_Task to carry out:_
Give all of the records again precisely, excluding whatever pictures they contain.

++++

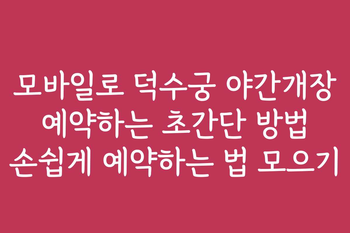 핵심 키워드: 모바일 예약, 덕수궁, 야경, 예약 방법, 간편 예약, 스마트폰, 여행, 문화재, 야경 투어, 관광, 예약 시스템
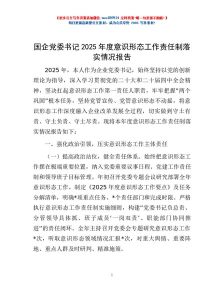 / 国企党委书记2025年度意识形态工作责任制落实情况报告
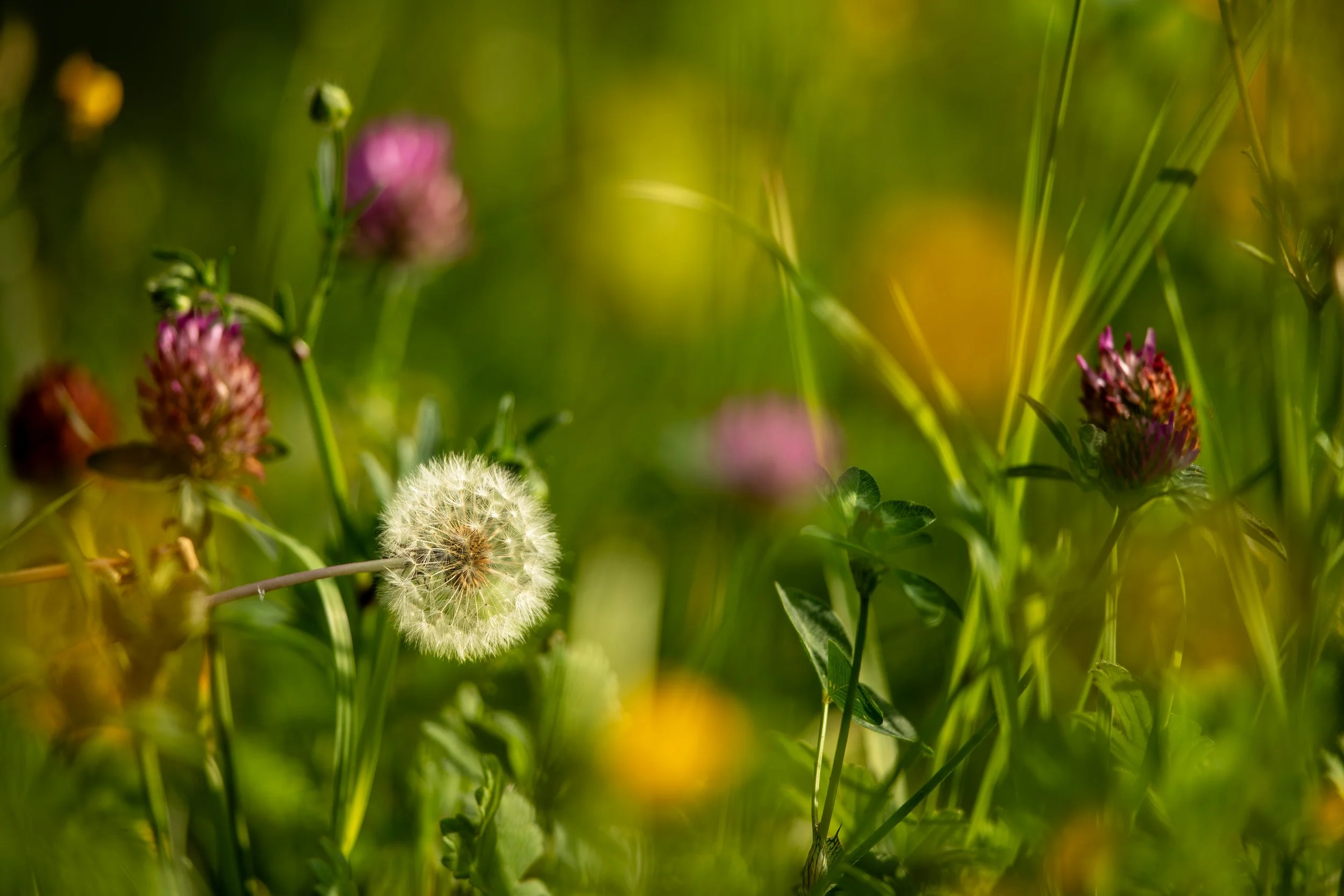 Compressed Meadow: Shot on a 500mm lens, this perspective collapses the depth of a spring field. A single dandelion seed head holds the focus, isolated against a dense, compressed wash of vibrant green, yellow, and purple bokeh.
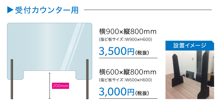 対面で接客・商談をされる受付カウンターなどに、置くだけ設置で接客環境を飛沫しづらい安心感のある状態にするパーテーションです。透明素材は、柔らかくて割れにくい塩ビ板を使用しており、左右の切れ込みに足となる板を差し込むだけで自立式のパーテーションが完成します。
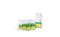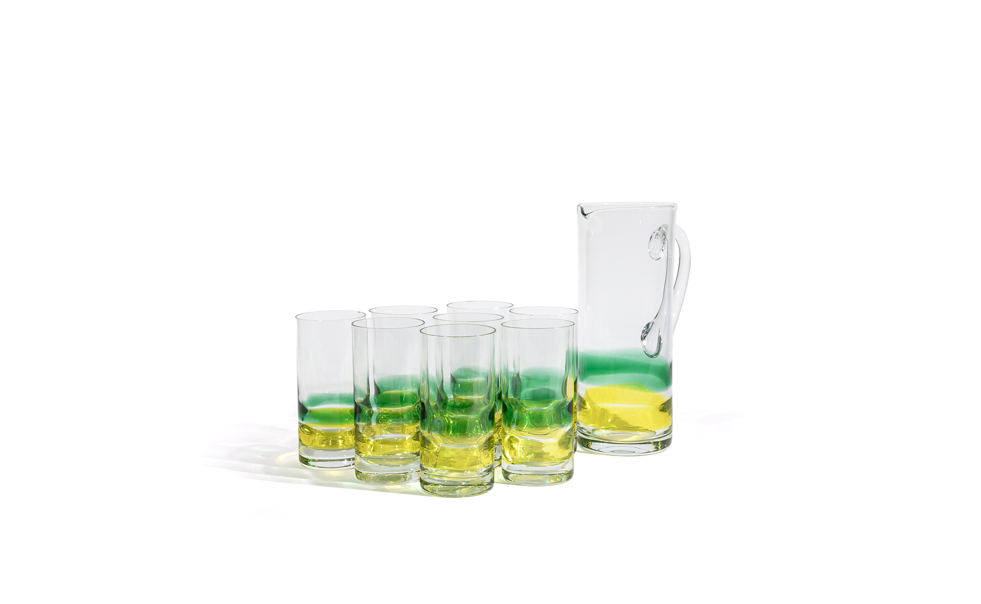 Una caraffa e otto bicchieri in cristallo con decoro di fasce verdi e gialle.
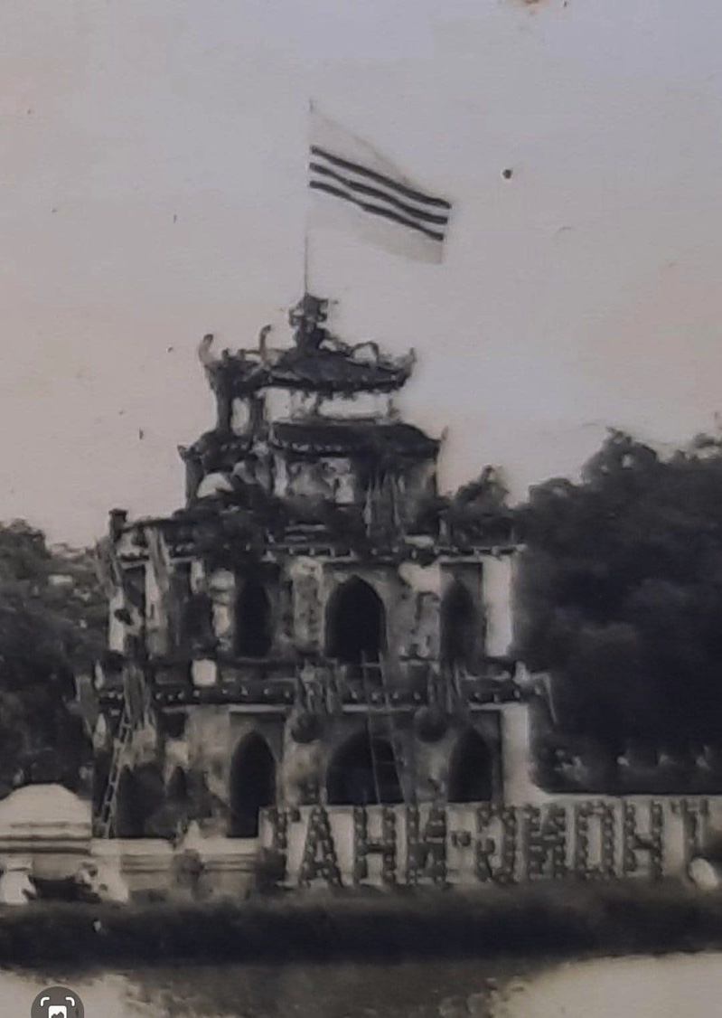 Trong ảnh, trên nóc tháp rùa hồ Hoàn Kiếm có cắm lá cờ vàng 3 sọc đỏ.
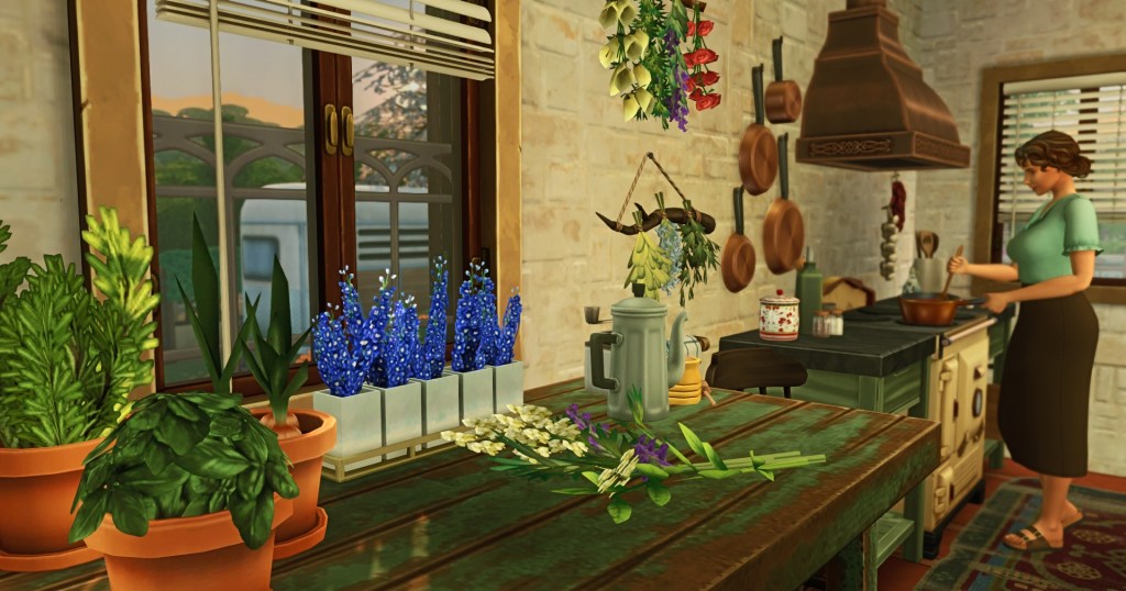 There are herbs everywhere, clay pots of fresh basil and oregano. Recently picked thyme and sage, still with their purple flowers, hangs from the ceiling and fills the air with their fragrance.
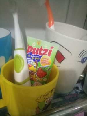 牙膏不错,不辣,香香的草莓味,我闻着都想吃了。不过妹妹今天第一次用牙膏,貌似还不习惯。不过我不会放弃的!
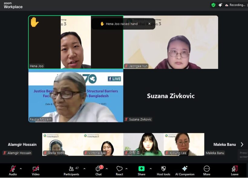 আন্তর্জাতিক উইমেন পিস গ্রুপ এবং নরডিক কনসালটিং গ্রুপের প্রতিনিধিদের অংশগ্রহণে এই অধিবেশনটি বাংলাদেশে নারীর মানবাধিকার রক্ষায় একটি শক্তিশালী নেটওয়ার্ক গড়ার অঙ্গীকারের মধ্য দিয়ে শেষ হয়।

++++

_Answer area:_
 핵심 키워드: 모바일 예약, 덕수궁, 야경, 예약 방법, 간편 예약, 스마트폰, 여행, 문화재, 야경 투어, 관광, 예약 시스템
 / 国企党委书记2025年度意识形态工作责任制落实情况报告
 Compressed Meadow: Shot on a 500mm lens, this perspective collapses the depth of a spring field. A single dandelion seed head holds the focus, isolated against a dense, compressed wash of vibrant green, yellow, and purple bokeh.
 対面で接客・商談をされる受付カウンターなどに、置くだけ設置で接客環境を飛沫しづらい安心感のある状態にするパーテーションです。透明素材は、柔らかくて割れにくい塩ビ板を使用しており、左右の切れ込みに足となる板を差し込むだけで自立式のパーテーションが完成します。
 Una caraffa e otto bicchieri in cristallo con decoro di fasce verdi e gialle.
 Trong ảnh, trên nóc tháp rùa hồ Hoàn Kiếm có cắm lá cờ vàng 3 sọc đỏ.
 There are herbs everywhere, clay pots of fresh basil and oregano. Recently picked thyme and sage, still with their purple flowers, hangs from the ceiling and fills the air with their fragrance.
 牙膏不错,不辣,香香的草莓味,我闻着都想吃了。不过妹妹今天第一次用牙膏,貌似还不习惯。不过我不会放弃的!
 আন্তর্জাতিক উইমেন পিস গ্রুপ এবং নরডিক কনসালটিং গ্রুপের প্রতিনিধিদের অংশগ্রহণে এই অধিবেশনটি বাংলাদেশে নারীর মানবাধিকার রক্ষায় একটি শক্তিশালী নেটওয়ার্ক গড়ার অঙ্গীকারের মধ্য দিয়ে শেষ হয়।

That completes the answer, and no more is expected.